Recorded information section start
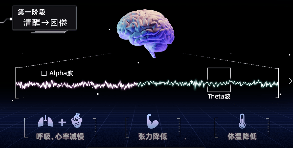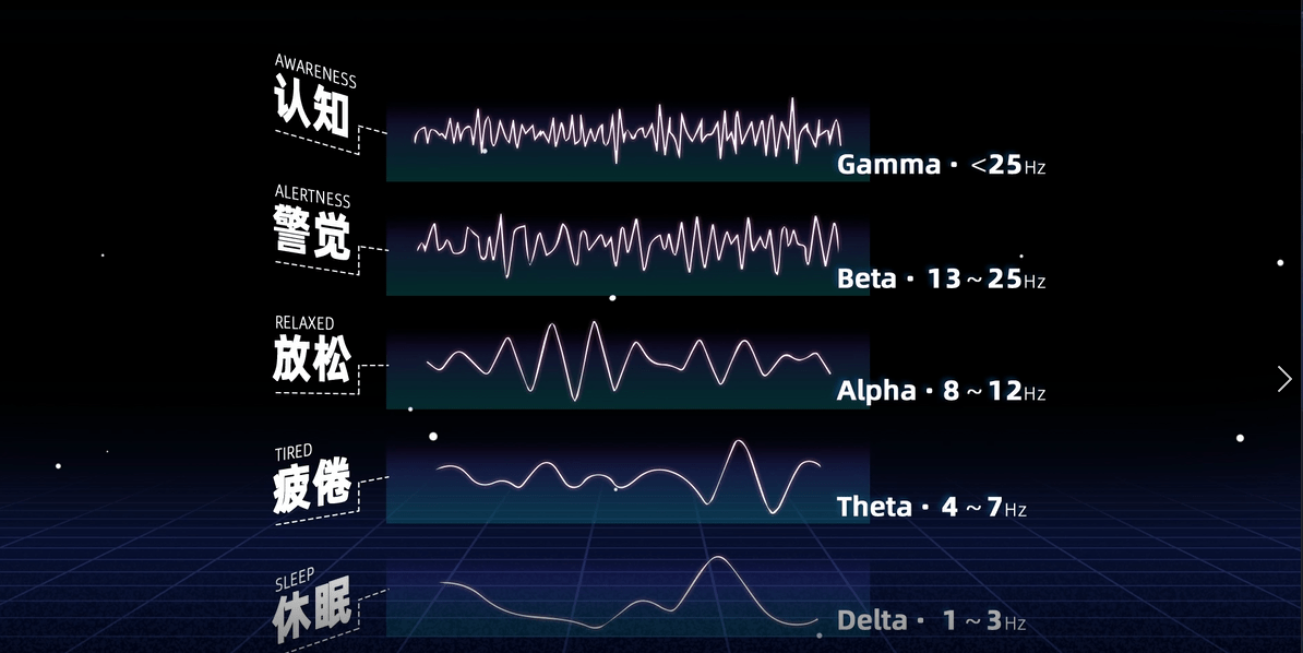 人体常见的脑电波有5种波段:认知(gamma)、警觉(beta)、放松(alpha)、疲倦(theta)、休眠(delta)。当我们入睡时,大脑并非一直处于休眠状态,根据脑电波的活动形式,睡眠大致分为4个阶段。
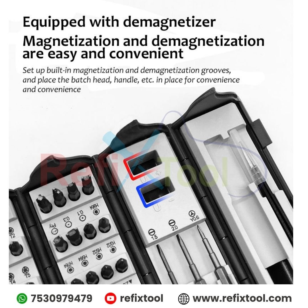 Additional Tools Included: Comes with an aluminum handle, magnetic and demagnetization ports, steel tweezers, steel crowbar, universal extension rod, and 6 pry tools for complete versatility.
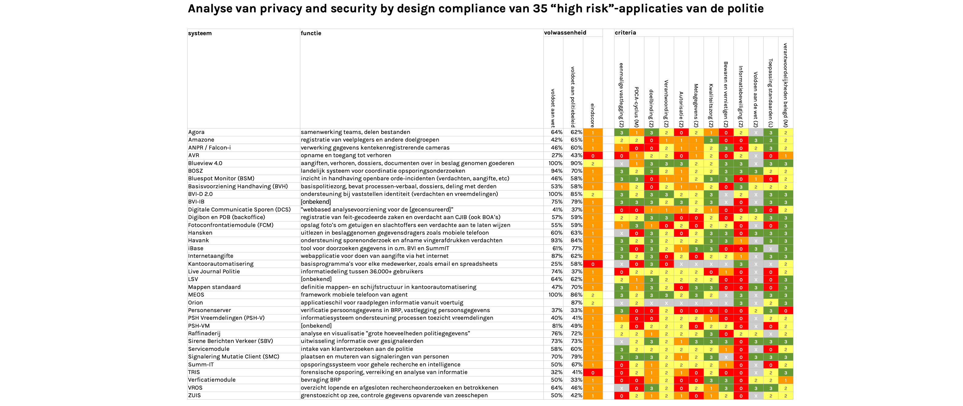 Het gaat om 36 systemenDe rapporten waarop deze analyse is gebaseerd, vind je onderin deze pagina die, naar eigen zeggen, "ten alle tijde draaiende moeten blijven, zodat de politie haar werk kan doen." Het zijn de systemen voor het registreren van veelplegers en kentekens, opnemen van aangiften en verhoren, uitwisselen van informatie tussen agenten, verwerken van vingerafdrukken, analyseren van grote bergen gevoelige gegevens en vele andere functies. Geen (!) van deze systemen voldoen aan de regels over privacy and security by design die volgen uit de wet en het beleid van de politie. Bij drie systemen is er zelfs helemaal "geen specifieke aandacht" hiervoor.
Recorded information section end
## Action item
A verbatim retyping of the listing, without any pictures, is the expected answer.

## Written answer
 人体常见的脑电波有5种波段:认知(gamma)、警觉(beta)、放松(alpha)、疲倦(theta)、休眠(delta)。当我们入睡时,大脑并非一直处于休眠状态,根据脑电波的活动形式,睡眠大致分为4个阶段。
 Additional Tools Included: Comes with an aluminum handle, magnetic and demagnetization ports, steel tweezers, steel crowbar, universal extension rod, and 6 pry tools for complete versatility.
 Het gaat om 36 systemenDe rapporten waarop deze analyse is gebaseerd, vind je onderin deze pagina die, naar eigen zeggen, "ten alle tijde draaiende moeten blijven, zodat de politie haar werk kan doen." Het zijn de systemen voor het registreren van veelplegers en kentekens, opnemen van aangiften en verhoren, uitwisselen van informatie tussen agenten, verwerken van vingerafdrukken, analyseren van grote bergen gevoelige gegevens en vele andere functies. Geen (!) van deze systemen voldoen aan de regels over privacy and security by design die volgen uit de wet en het beleid van de politie. Bij drie systemen is er zelfs helemaal "geen specifieke aandacht" hiervoor.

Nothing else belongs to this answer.